5. Shri Setalvad for the petitioner-company has pointed out from the rejoinder dated July 12, 2000, the basis of the claim and has also laid stress on the fact that there has been practically no defence of any nature for the three periods. As far as the point of limitation is concerned, he has submitted that the respondent-company has in fact accepted and acknowledged the debt in their letter dated March 14, 2000, and, therefore, the claim for the first period of September, 1995, to November, 1996, was not barred by limitation. Learned counsel has submitted that assuming that the respondents have some disputes for the first period as well as the third period, it has no dispute for the second period and the debt exceeds Rs. 500 and in that case he is entitled to get the petition admitted. He has relied upon the following judgments :

(i) Madhusudan Gordhandas and Co. v. Madhu Woollen Industries Pvt. Ltd. : [1972]2SCR201 ;

(ii) P. Y. Parry v. Cynotech Bioproducts P. Ltd. : 1999(3)KarLJ68 .

6. Learned counsel has sought support from the judgments of the learned single judge of the Karnataka High Court on the point that if the company does not discharge the debt after the lapse of considerable period of time, the presumption of its insolvency would arise.

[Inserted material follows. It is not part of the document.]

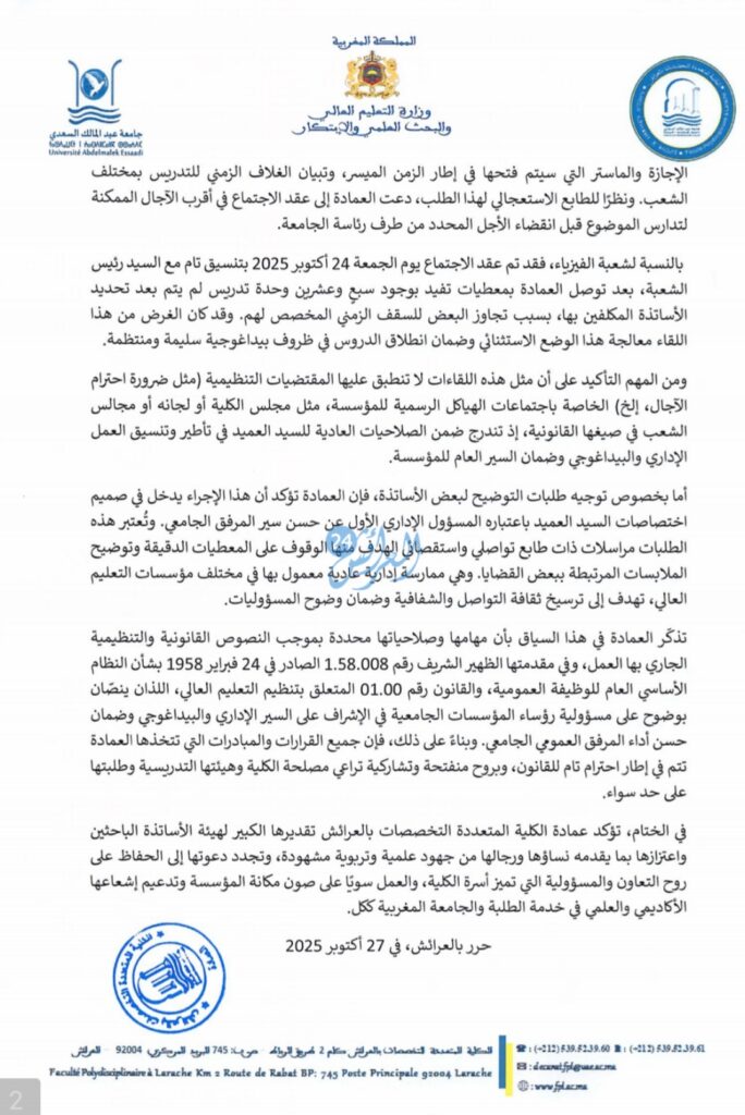 وفيما يخص تفاصيل الاجتماعات المذكورة، أفادت العمادة بأن اجتماع شعبة الاقتصاد والتدبير عُقد استجابة لمراسلة مستعجلة من رئاسة الجامعة، بينما جاء اجتماع شعبة الفيزياء لمعالجة وضع استثنائي يتعلق بتحديد الأساتذة المكلفين بوحدات تدريسية.
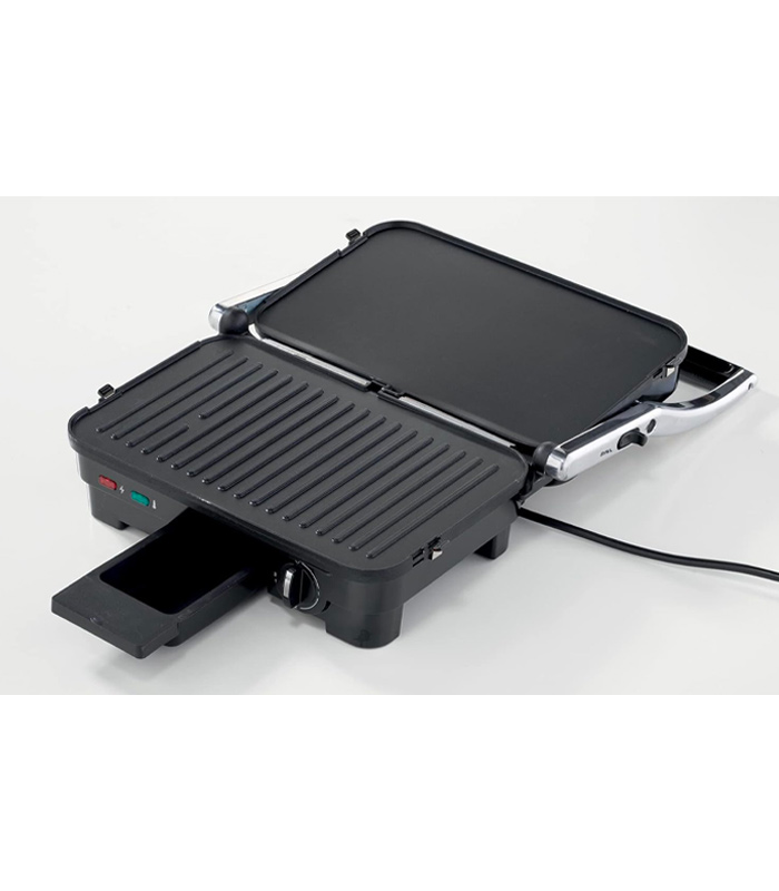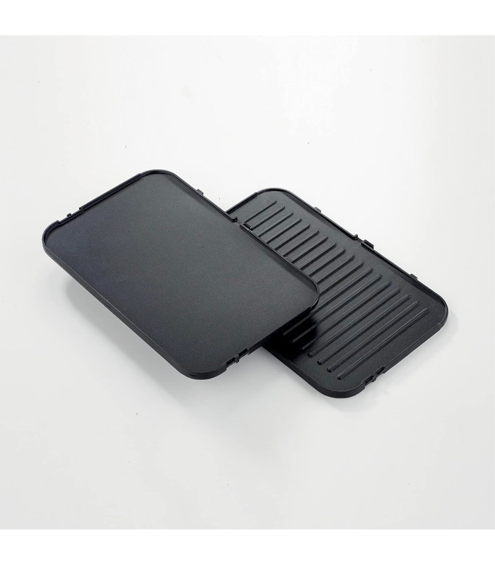 - Open flat large grill area. Double sided grill, push buttons for easy grill plate release

The first test of solvency, according to the learned judge, is ability to discharge the debts and liabilities within a reasonable period of time and if the record indicates conclusively that this is not done, then the presumption of commercial insolvency is complete.

7. Shri Saraf, learned counsel for the respondents cited the following judgments :

(i) Vijayalakshmi Art Productions v. Vijaya Productions Pvt. Ltd : 1996(2)CTC396 ;

(ii) Ghanshyam Patel and Sons v. Hind Woollen and Hosiery Mills Pvt. Ltd. .

8. Shri Saraf seeks support of the aforesaid judgments for his contention that legally unenforceable claims cannot be made the basis for a winding up petition. According to him, the substantially large claim falls in the first period and that claim is barred by limitation and that cannot be made basis for the winding up of the respondent-company. He, therefore, prays that the petition itself is not maintainable and deserves to be dismissed.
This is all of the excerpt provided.